Ландшафтный архитектор София Минасян соглашается, что благоустраивать туристическую часть города, оставляя за скобками жилые районы, которые заполонены парковками, нелогично. По ее словам, пока у местных жителей нет понимания, как именно будут перераспределены транспортные потоки. «Пешеходный центр — это хорошо, экологично. Но как пойдет транспорт?»
При этом эксперты отмечают, что проблемы строительства новых отелей нет, потому что «стоит очередь из инвесторов», готовых вложить в это деньги, и городские власти могли бы справиться с этой задачей без федеральных инвестиций.
По мнению генерального директора Фонда развития малых исторических городов Юрия Щеголькова, это действительно так. «Если говорить о паломниках, то вряд ли будет резкое увеличение их числа. И есть разница между паломниками и туристами. Туристы, даже религиозные, приезжают посмотреть на храм, а паломники приезжают помолиться. Для них не имеет большого значения, где они живут, и это не те, кто оставляет в городе много денег.
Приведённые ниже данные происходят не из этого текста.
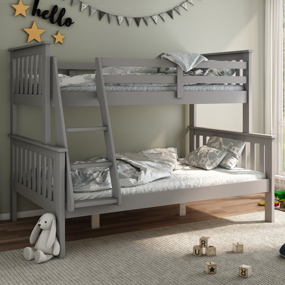 Make a stylish yet functional addition to your space with the Bedmaster Carra Triple Sleeper Grey Bunk Bed. This modern bunk bed is manufactured using quality pinewood with a beautiful lacquered grey finish, which helps retain the fine qualities of the pinewood. Ensuring protection, the bed has four guard rails to the top bunk and two to either side that ensure safety for the top bunk sleeper. Also, the ladder is adjustable to either the left or right-hand side, designed to suit any bedroom requirements. The bed complies with the requirements of UK bunk beds (Entrapment Hazards) (Safety Regulations 1987) and the European Standards (EN747-1). Plus, the headboard and footboard are both styled with vertical slats. his bed can easily be split and used as a separate single and small double bed. Durable and sturdy, the mattresses (not included) are supported by a strong wooden slatted base for extra comfort. Versatile and stylish, it is a perfect option for saving space and is ideal for both adults and children. This product is supplied flat-packed to a room of choice. Please note: Requires adult assembly. The gap between bunks is 67.2cm and the under-bed gap is 28.5cm.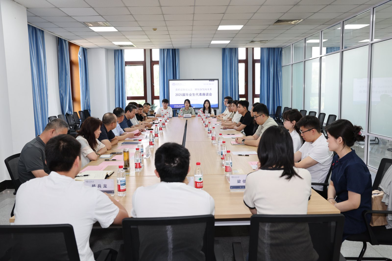 座谈会上,毕业生们踊跃发言,分享了各自在天商的学习生活体会,表达了对母校的感恩之情,展望了对未来学习工作的规划。同时结合自身学习和生活经历,畅谈对学校未来发展的建议,围绕课程设置、学术文化、就业指导、校园建设等方面提出了具有建设性的意见和建议。校领导和相关部门负责同志认真倾听并就提出的问题进行回复,表示将重点推进人才培养体系的结构性优化,持续深化教育教学改革,全面提升管理服务效能,着力建设更优质的育人环境,为在校学生成长成才提供全方位保障。会后,校领导向与会毕业生赠送纪念礼物并合影留念。(审稿:马静)

Рассчитывать на то, что они увеличат средний чек города, неправильно».
«Геополитический проект»
Рассуждая о суммах, которые фигурируют в СМИ, — около 300 миллионов на разработку стратегии и от 60 до 140 миллиардов на ее реализацию, Щегольков отмечает, что такой масштабный проект действительно может столько стоить.
«Проекты реновации, ремонта и реставрации, если мы говорим об исторических поселениях, стоят дорого. Деньги, которые туда закладываются, и тот проект, который делала «Стрелка», может быть вполне адекватным. Это стоит столько — новые трассы, кварталы, переселение административной части из центра города и так далее. Конечно, город надо менять», — резюмирует Щегольков.
При этом пытаться сравнить российский проект с теми, которые реализуют в Европе, бессмысленно, отметил он. «В мире есть фонды выравнивания, которые занимаются восстановлением [исторических районов]», — пояснил собеседник «Ленты.ру». Равнозначных по масштабам проектов вспомнить не смог, а сравнивать с Ватиканом некорректно.
По мнению Анны Курбатовой, директора Института комплексного развития, большие деньги соответствуют большим целям проекта. «В советское время Сергиев Посад с точки зрения инфраструктуры развивался по стандартам районного центра, — напоминает она. — Только в последние пять-десять лет, после восстановления духовного почитания Сергия Радонежского и значения самой Троице-Сергиевой лавры, город стал менять свое назначение. Фактически из районного центра он превращается в не имеющий аналогов православный центр федерального значения. Без стратегии развития эта трансформация невозможна — речь идет не просто о смене функций, меняется сам образ жизни города. Под новый образ жизни нужны ресурсы, которыми город сегодня не располагает. Нужно понимать, какие территории осваивать, чтобы удовлетворить потребности растущего потока туристов и паломников».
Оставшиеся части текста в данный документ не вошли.